低温期と高温期の差が小さい基礎体温表のイメージ図

 通常、黄体ホルモンが分泌されると基礎体温は上昇します。体温の上昇が小さいということは、黄体ホルモンの分泌量が少ない可能性があります。

 黄体ホルモンが不足すると子宮内膜が成熟できず、せっかく受精卵ができても着床しにくいことも。

 グラフがこのパターンの場合、黄体の機能が低下する黄体機能不全の可能性も考えられます。

低温期と高温期の差が大きすぎる

低温期と高温期の差が大きすぎる基礎体温表のイメージ図

 卵胞ホルモンと黄体ホルモンのバランスが崩れていることが伺えます。このタイプは、PMS(月経前症候群)の人によく見られます。

低温期が長い

低温期が長い基礎体温表のイメージ図

 低温期は、卵胞が育ち成熟する時期です。低温期が長いということは、卵胞がなかなか成長しないことを示唆しています。

 多嚢胞性卵巣症候群高プロラクチン血症卵巣の老化などの可能性も考えられます。

高温期が短い

高温期が短い基礎体温表のイメージ図

 高温期が短いということは、黄体ホルモンの分泌が少ないということです。

 黄体ホルモンの量が不十分だと子宮内膜の成熟が遅れ、受精卵が着床できないことも。
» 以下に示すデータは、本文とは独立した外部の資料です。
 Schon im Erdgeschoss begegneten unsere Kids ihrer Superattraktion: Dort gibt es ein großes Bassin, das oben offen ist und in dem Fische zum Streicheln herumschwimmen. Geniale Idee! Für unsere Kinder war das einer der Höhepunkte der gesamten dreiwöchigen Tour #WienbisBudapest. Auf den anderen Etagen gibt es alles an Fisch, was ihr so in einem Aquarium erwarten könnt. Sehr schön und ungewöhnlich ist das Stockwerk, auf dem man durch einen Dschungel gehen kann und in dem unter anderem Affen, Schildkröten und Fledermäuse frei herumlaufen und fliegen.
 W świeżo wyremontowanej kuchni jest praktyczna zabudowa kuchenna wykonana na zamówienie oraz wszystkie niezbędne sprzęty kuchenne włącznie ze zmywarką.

グラフがこのケースの場合、黄体機能不全卵巣機能低下症の可能性も考えられます。

低温期から高温期にだらだらと移行する

低温期から高温期にだらだらと移行する基礎体温表のイメージ図

 低温期から高温期へ緩やかに移行するタイプは、排卵はあっても黄体ホルモンの分泌量が少ないことが伺えます。このパターンは、黄体機能不全黄体化非破裂卵胞の可能性も考えられます。
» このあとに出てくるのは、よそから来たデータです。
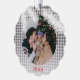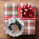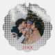 Entwerfen Sie eine zeitgenössische, klassische Weihnachtsgeschmackskarte mit einem grau-weiß karierten tartan Gingham Stil. Diese Karte bietet die Möglichkeit, den Text, den Familiennamen und das Datum des Jahres anzupassen, ein persönliches Foto auf der Vorderseite einzufügen und auf der Rückseite eine individuell anpassbare, saisonale Begrüßungsnachricht anzubringen.

 このグラフは低温期から高温期への移行がわかりにくく、排卵日を見つけるのが難しいこともあります。

高温期が続く

高温期が続く基礎体温表のイメージ図

 16日以上高温期が続く場合、妊娠している可能性があります。早めに病院へいきましょう。

基礎体温が乱れている時は、どうしたらいいのか?

 基礎体温表をつけていると、自分は赤ちゃんができないのではないかと不安になる人もいるのではないでしょうか。

 でも、そんなことはありません。

 ここでは、一般的なケースを紹介しましたが、基礎体温表は「こうでなければ妊娠できない」というものではないので安心してください。

 人のからだは、100人いれば100通りです。基礎体温もさまざまです。前述のように、排卵日だって個人差があります。
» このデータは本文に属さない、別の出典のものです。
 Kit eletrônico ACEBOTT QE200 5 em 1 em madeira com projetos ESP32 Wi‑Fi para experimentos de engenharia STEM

 とは言え、不安がある場合は、まずは病院で診てもらいましょう。病院では超音波検査やホルモン検査を行い、排卵の有無などを調べてくれます。

 妊活中の人や体質改善したいという方には、東洋医学の鍼灸や漢方という方法もあります。

 漢方は自然の生薬で、体質改善を促してくれます。副作用の心配はほとんどなく、からだにやさしく作用します。

 鍼灸は、鍼とお灸でツボを優しく刺激することで、ホルモンバランスを整えたり、妊娠力をアップしたりします。

 鍼灸と聞くと、「痛い」とか、「熱い」というイメージがあるかもしれませんが、今は、からだに優しい施術を行う鍼灸院が増えています。

 ご自身に合った方法で改善に取り組むといいでしょう。